I opened my mouth, wanting to undo the damage caused by my clunky, ill-chosen comment, but it was too late. A car had passed too close to the kerb, splashing passers-by with murky water; and, in the ensuing commotion, Purdy turned and trotted away. Within seconds she had disappeared over a wall and I was left standing on the cobbles, with cold rain beating down on my back, and Christmas shoppers rushing past me.
27
I returned to the café and, ignoring the customers’ good-natured overtures, headed straight for my window cushion. I turned my back on the room and stared out of the glass, castigating myself for the way I had handled the encounter. In my fretful state, Purdy’s and Ming’s suffering became conflated in my mind. I was convinced I was to blame for both, and that my self-absorption had blinded me to what they had been going through. If life in the café had been making Purdy unhappy, then surely, as her mother, I should have noticed? Similarly, as the colony’s matriarch, I should have been less quick to judge Ming’s odd behaviour. With both Purdy and Ming out of the café, however, I could do nothing except stare watchfully out over the damp street and wait for their return.
The rest of the day seemed to drag on inexorably, and it was not until after closing time that Debbie finally brought Ming home.
‘I’m back,’ Debbie called, crouching down on the flagstones to unlock the cat carrier.
Ming crept out cautiously, glanced in both directions, sniffed the air uncertainly, then dashed towards the cat tree.
Linda came out of the kitchen with a querying look.
‘We had to go to the animal hospital for tests,’ Debbie explained as she made for the nearest chair and sat down.
‘And?’ Linda asked, pulling off her apron and hanging it on the peg.
‘She’s deaf,’ Debbie replied sadly. ‘Almost certainly since birth. A congenital defect, probably.’
I felt my breath catch in my chest.
‘Poor Ming.’ Linda sighed, pouting with concern.
Looking relieved to be back on her platform, Ming had started to wash, unaffected by the melancholy mood in the room.
‘Do you think it’s okay for her to stay in the café? I mean, is it cruel, if she can’t hear anything?’ Linda asked, looking sorrowfully at Ming.
‘It’s something to think about,’ Debbie agreed. ‘Perhaps she would be happier somewhere less . . . busy.’
Linda walked over to the cat tree and reached out her hand to touch Ming’s back. Startled, Ming turned towards her and, when Linda gently caressed her spine from her shoulders to her tail, blinked in pleasure.
‘You know, if you think it would be for the best, I’d be happy to take Ming with me to Margery’s cottage,’ Linda said diffidently, as the room began to fill with Ming’s rumbling purr. ‘I should be the one to take responsibility for her, since it was me who brought her here in the first place.’

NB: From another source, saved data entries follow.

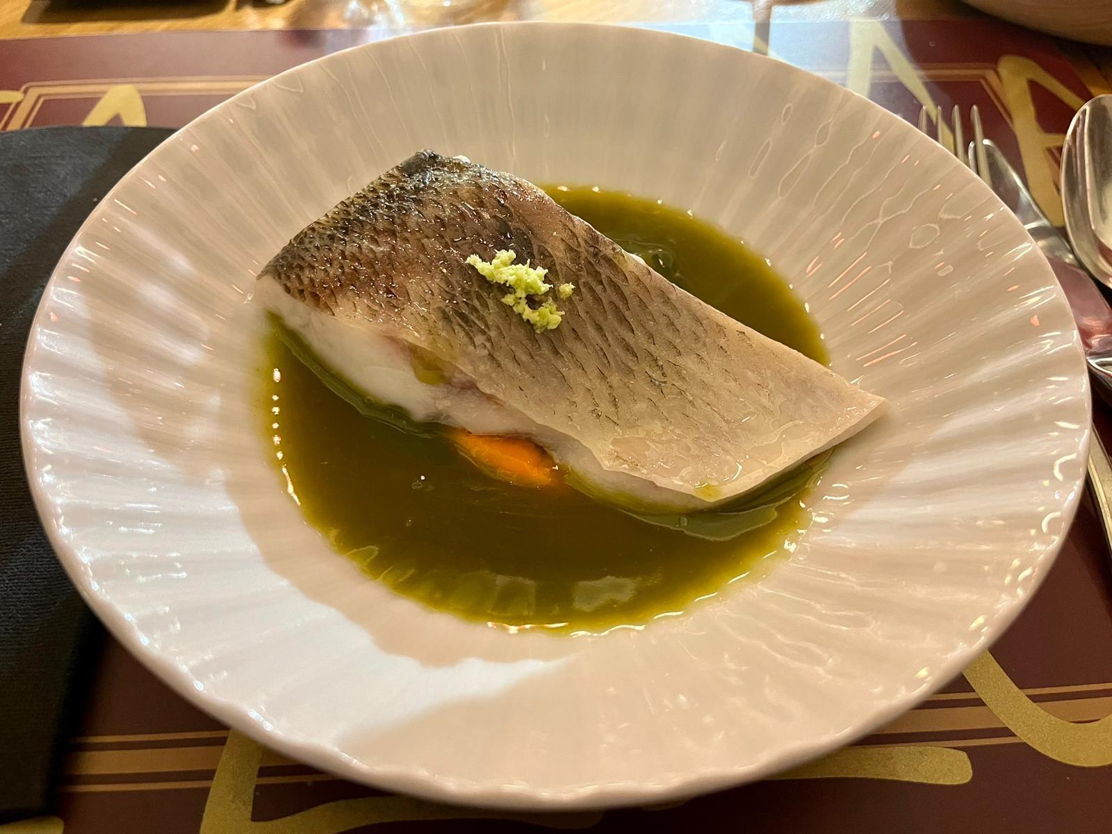 Ao longo da nosa estadía, disfrutamos dunha selección variada e exquisita de pratos. Un coctel de entrada deu comezo á nosa viaxe culinaria, seguido por 7 pratos que nos deleitaron coa súa creatividade e sabor inigualable. Entre eles, a Lubina ao vapor con rabizas e allada destacouse pola súa frescura e delicadeza, o Tartar impresionou pola súa gran cantidade e textura perfectamente equilibrada, e o Pato deleitou coa súa ternez e sabor envolvente.
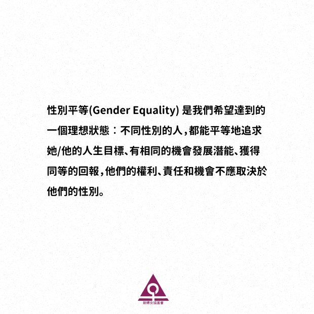性別平等(Gender Equality) 是我們希望達到的一個理想狀態︰不同性別的人,都能平等地追求她/他的人生目標、有相同的機會發展潛能、獲得同等的回報,他們的權利、責任和機會不應取決於他們的性別。
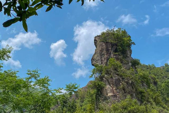 大龙山景区还有许多奇特的石峰,其中以剪刀峰最为突出。剪峰可远眺,又可远眺不同方向,它有五种形态,最初看到的剪峰反而是最独特的,就像恋人接吻,当时问导游,接吻恋人的山峰怎么叫剪峰?向导说原因有二。首先是因为当时徐霞客的感觉就像剪刀,所以这座山叫做剪刀峰。

From her chair near the door, Debbie watched her sister closely. ‘Thanks, Linda, I’ll bear that in mind,’ she said appreciatively.
Later, when Debbie and Linda had gone upstairs, I stared across the dimly lit café at Ming. She lay in a neat circle, the perfect arc of her body disrupted only by the single, angular protuberance of her left ear. I was struck anew by her effortless elegance, and the uncomfortable realization that Ming’s beauty had been a major factor in my distrust of her. The adulation she had received in the café had stoked the flames of my envy, and I had never stopped to consider what coming to the café must have felt like for her. She had been an outsider, unexpectedly introduced to a colony of cats in an environment where privacy and solitude had not been an option. Any cat would have struggled in such circumstances, let alone one who couldn’t hear. I felt a wave of pity rise up inside me. I had been determined from the outset to read disdain into Ming’s reserved demeanour. Now I had to accept that, though there had been disdain, it had been on my side, not Ming’s.
Sporadic twitches seized Ming’s paws and whiskers as she dreamt, then she awoke with a sudden jerk. Her enormous eyes sprang open and she looked around in alarm, catching sight of me watching her from the window. Her dream had left her with a disorientated look, but I held her gaze for a few moments. Then, for the first time since meeting Ming, I blinked at her, slowly, in a sign of friendship. She tilted her head quizzically to one side before responding with a blink of her own, her azure eyes disappearing momentarily behind chocolate-brown eyelids.
I was overcome by a bittersweet elation. There was something so mundane, and yet so momentous, in that silent communication – the simple gesture of nonaggression that had passed between us. But my happiness was tinged with regret that it had taken me so long to attempt this most basic of feline signals, that I had wasted so much time looking for evidence to confirm my prejudices, rather than give Ming the benefit of the doubt.